WORK REQUEST - With pictures excluded, copy word for word the lines in the data below from the line containing "混合生菜、鸡蛋、车打芝士、香煎鸡胸肉、香煎大虾、牛油果、樱桃番茄、水果青瓜" through the line containing "A confident businessman".

=== MATERIAL PROVIDED ===

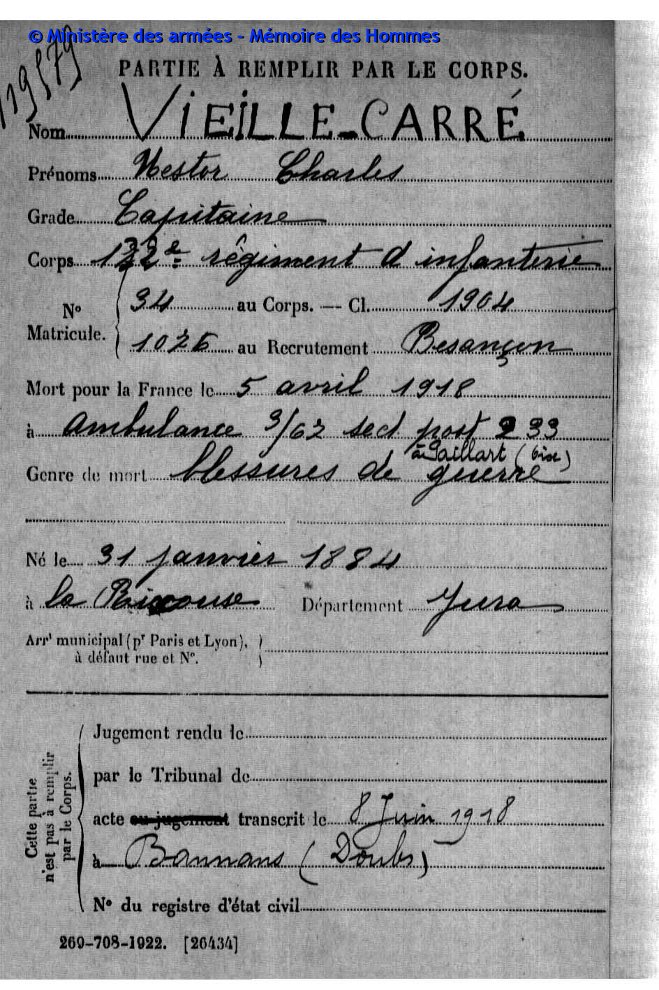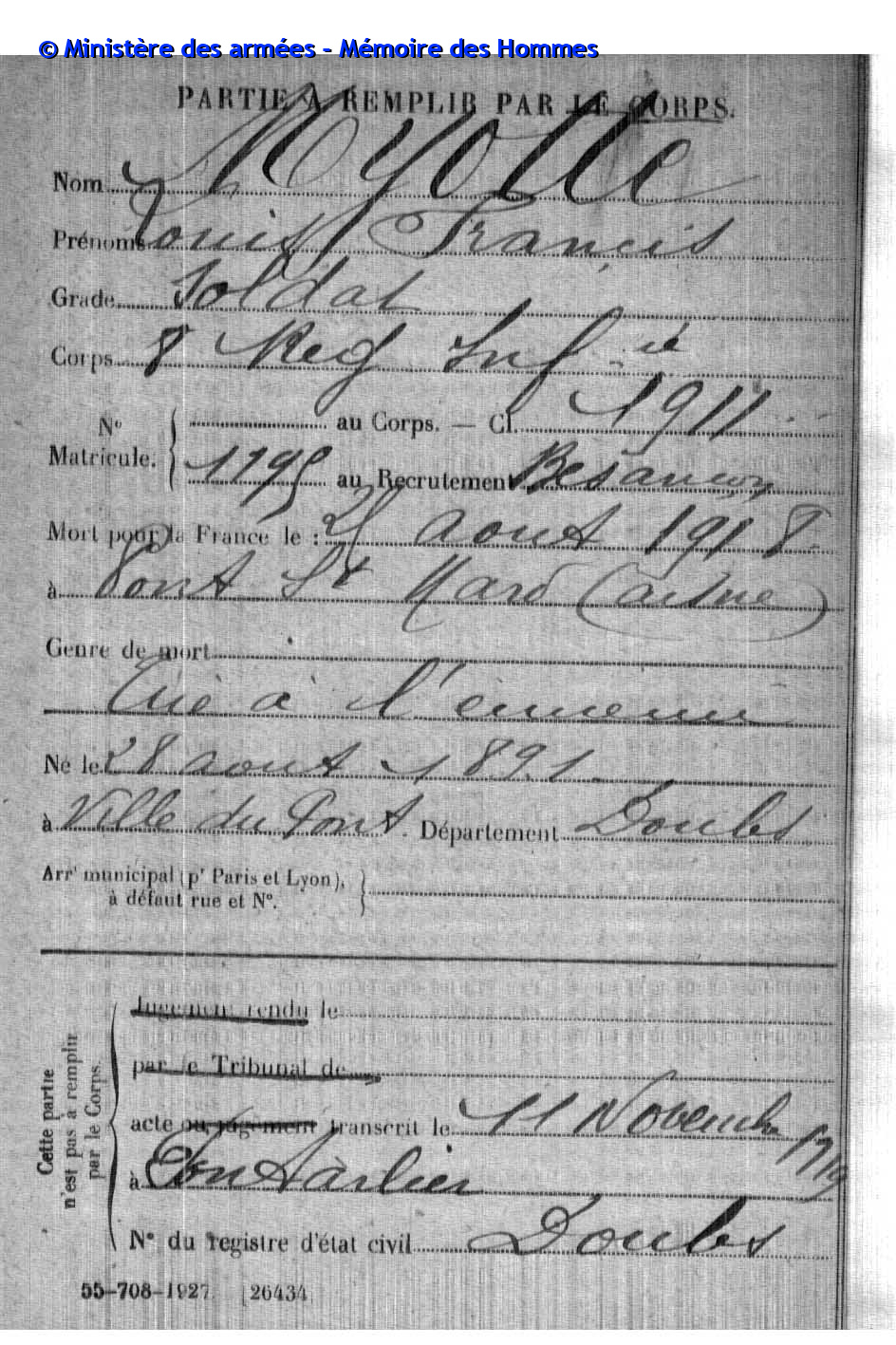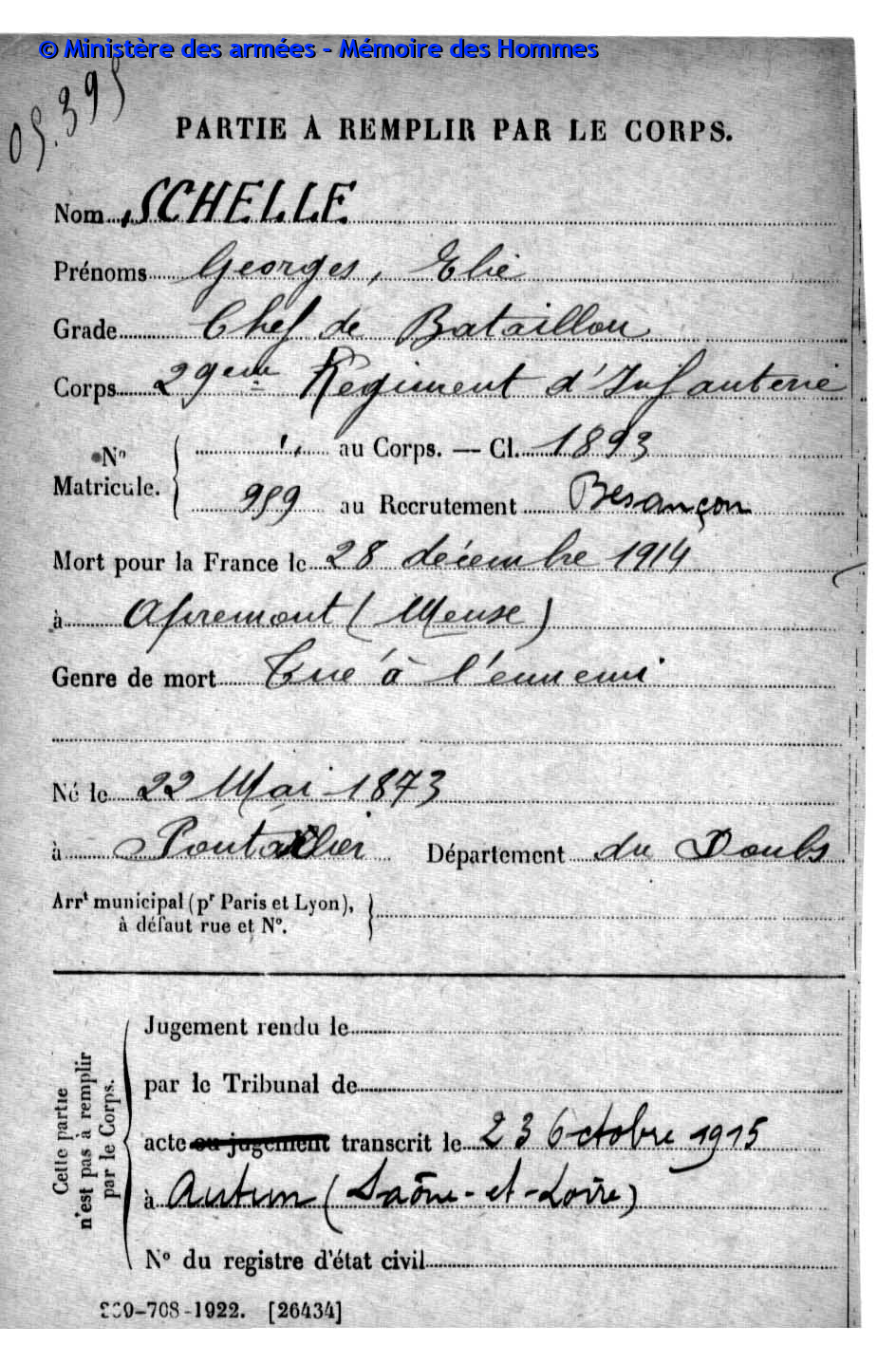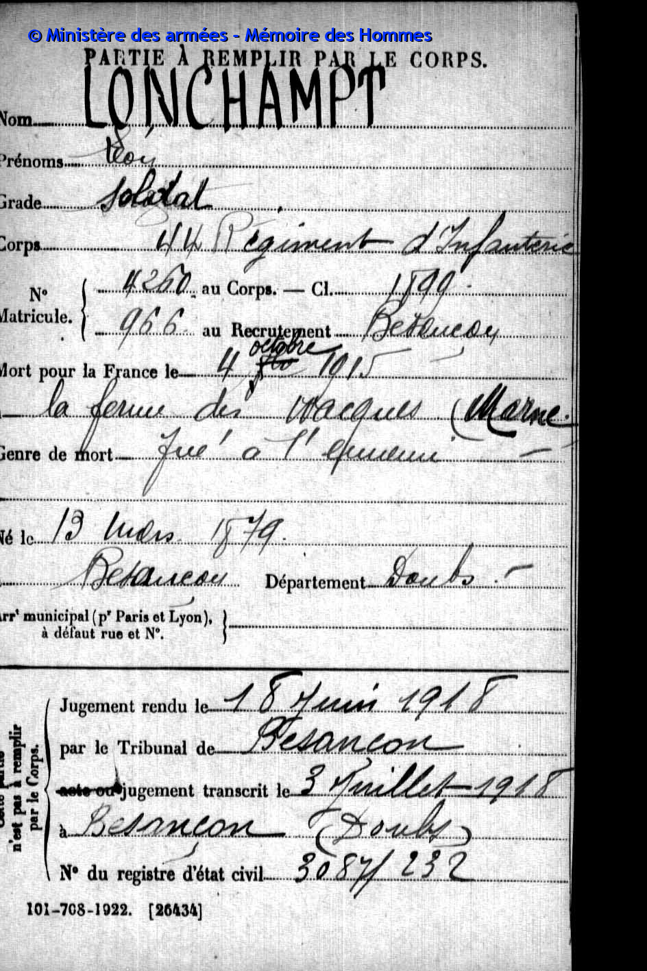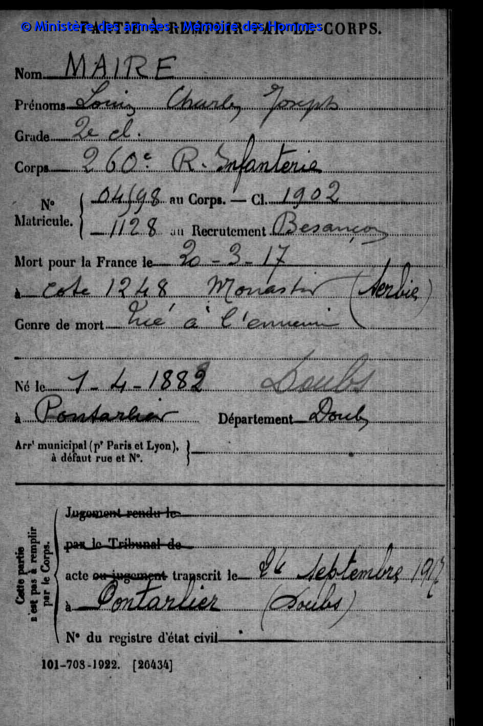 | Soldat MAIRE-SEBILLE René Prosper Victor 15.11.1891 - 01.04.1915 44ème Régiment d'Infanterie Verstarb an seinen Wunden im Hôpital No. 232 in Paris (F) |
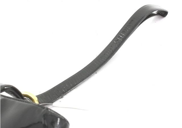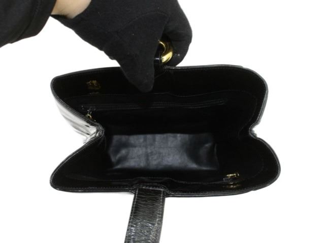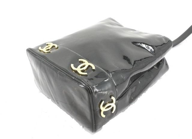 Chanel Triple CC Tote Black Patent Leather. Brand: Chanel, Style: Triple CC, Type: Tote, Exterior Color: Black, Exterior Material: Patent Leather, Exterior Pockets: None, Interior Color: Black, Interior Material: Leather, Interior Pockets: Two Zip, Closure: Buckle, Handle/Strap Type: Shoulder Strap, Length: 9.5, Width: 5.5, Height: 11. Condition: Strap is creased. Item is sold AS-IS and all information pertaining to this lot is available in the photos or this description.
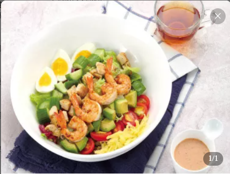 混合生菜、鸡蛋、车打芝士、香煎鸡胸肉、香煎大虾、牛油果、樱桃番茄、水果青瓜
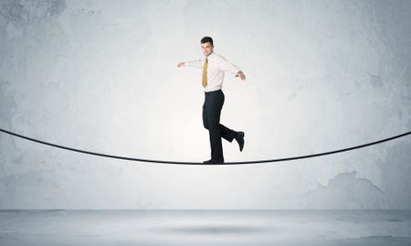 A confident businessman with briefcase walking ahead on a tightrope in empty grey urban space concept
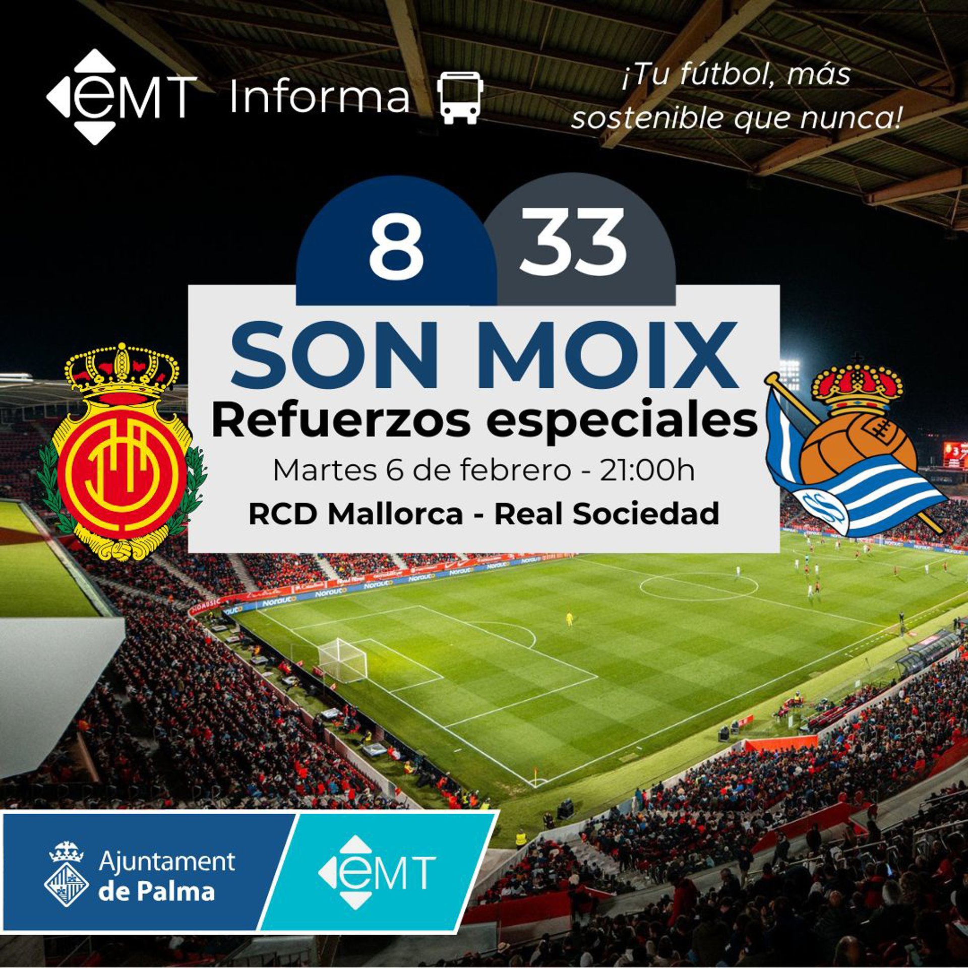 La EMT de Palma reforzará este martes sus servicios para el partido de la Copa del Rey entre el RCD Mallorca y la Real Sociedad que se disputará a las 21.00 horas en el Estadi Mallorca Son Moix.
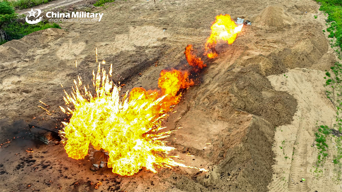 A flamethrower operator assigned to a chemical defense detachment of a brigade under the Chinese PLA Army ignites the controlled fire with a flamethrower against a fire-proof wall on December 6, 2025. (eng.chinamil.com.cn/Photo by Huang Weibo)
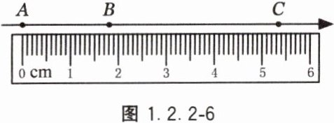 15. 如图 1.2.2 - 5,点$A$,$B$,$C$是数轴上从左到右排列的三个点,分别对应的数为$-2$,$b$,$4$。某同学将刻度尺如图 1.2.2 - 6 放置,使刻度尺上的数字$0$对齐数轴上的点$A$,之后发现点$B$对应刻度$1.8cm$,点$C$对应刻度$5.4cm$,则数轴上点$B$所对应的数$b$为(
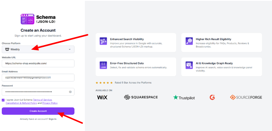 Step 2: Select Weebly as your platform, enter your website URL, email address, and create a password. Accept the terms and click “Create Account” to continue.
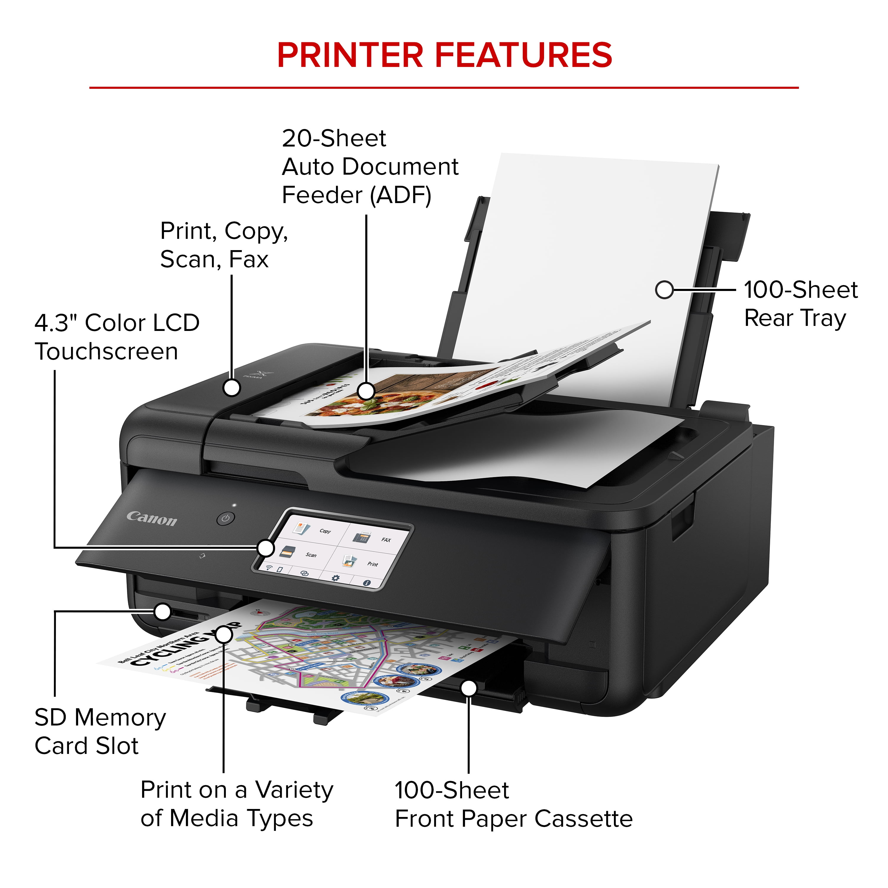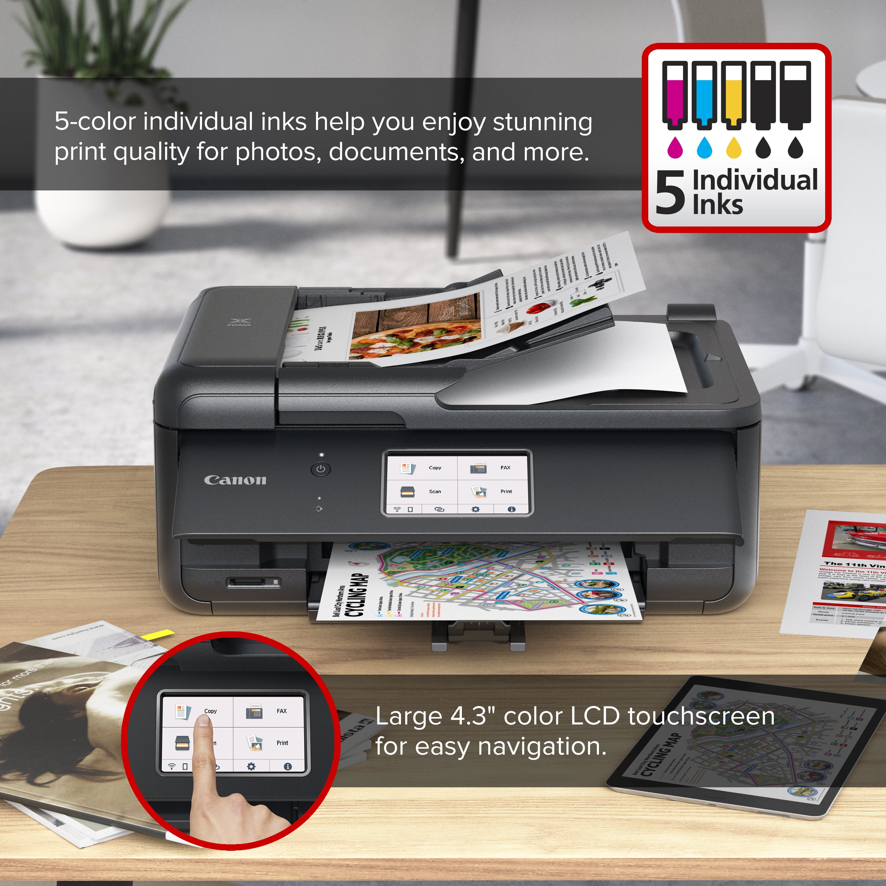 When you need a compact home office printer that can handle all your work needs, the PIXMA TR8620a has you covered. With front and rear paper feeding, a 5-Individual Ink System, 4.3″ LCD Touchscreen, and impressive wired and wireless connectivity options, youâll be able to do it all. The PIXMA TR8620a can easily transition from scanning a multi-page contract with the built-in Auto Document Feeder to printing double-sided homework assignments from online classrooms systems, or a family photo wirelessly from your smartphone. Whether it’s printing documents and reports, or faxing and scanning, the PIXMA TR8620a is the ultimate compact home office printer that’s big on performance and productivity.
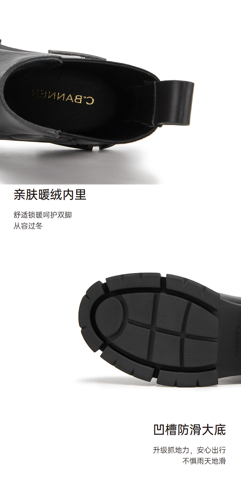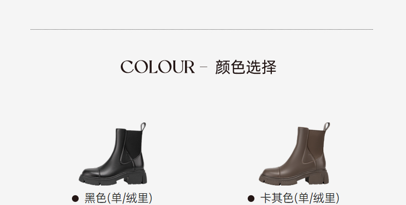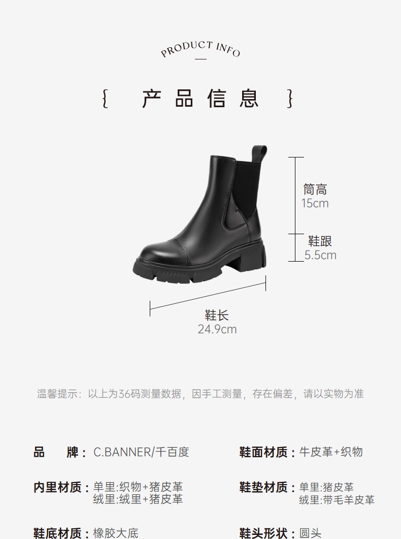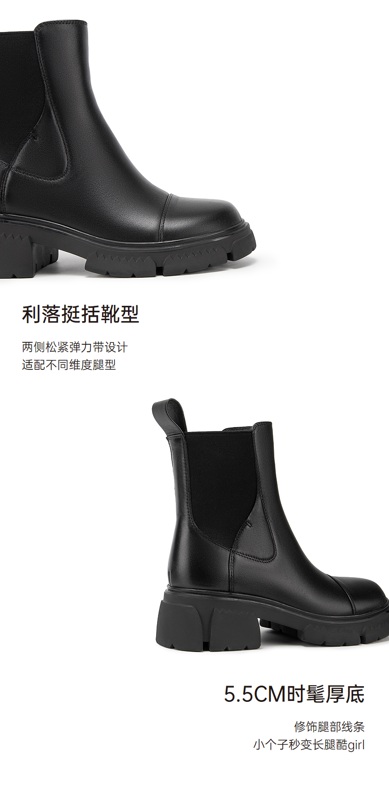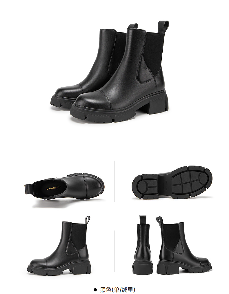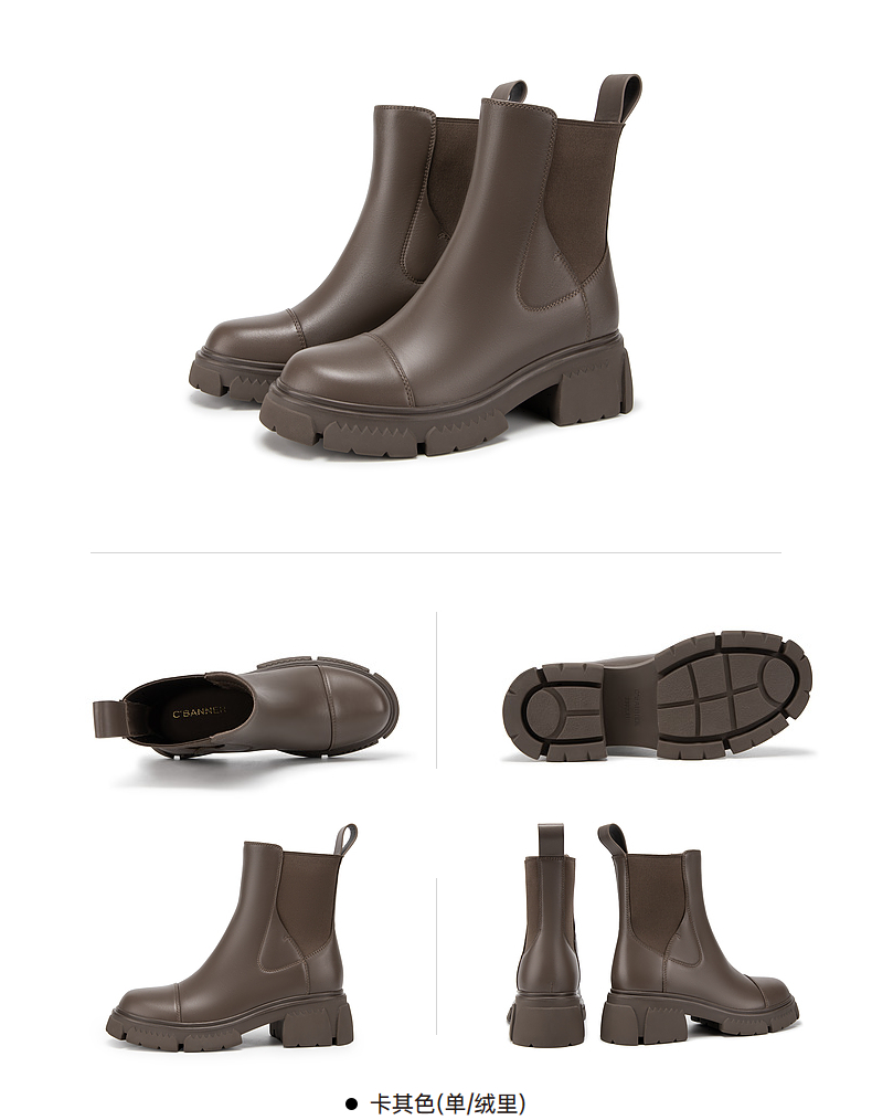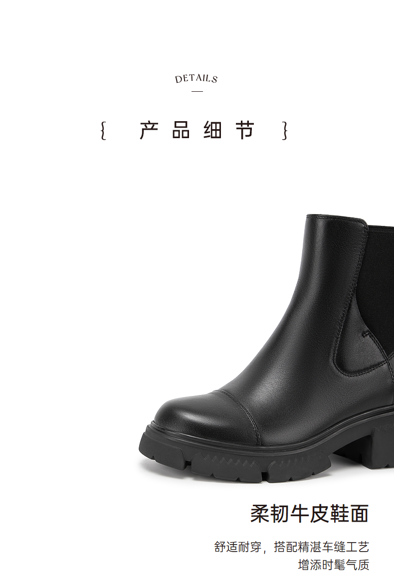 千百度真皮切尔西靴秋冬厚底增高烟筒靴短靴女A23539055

===

TASK OUTPUT -
 混合生菜、鸡蛋、车打芝士、香煎鸡胸肉、香煎大虾、牛油果、樱桃番茄、水果青瓜
 A confident businessman with briefcase walking ahead on a tightrope in empty grey urban space concept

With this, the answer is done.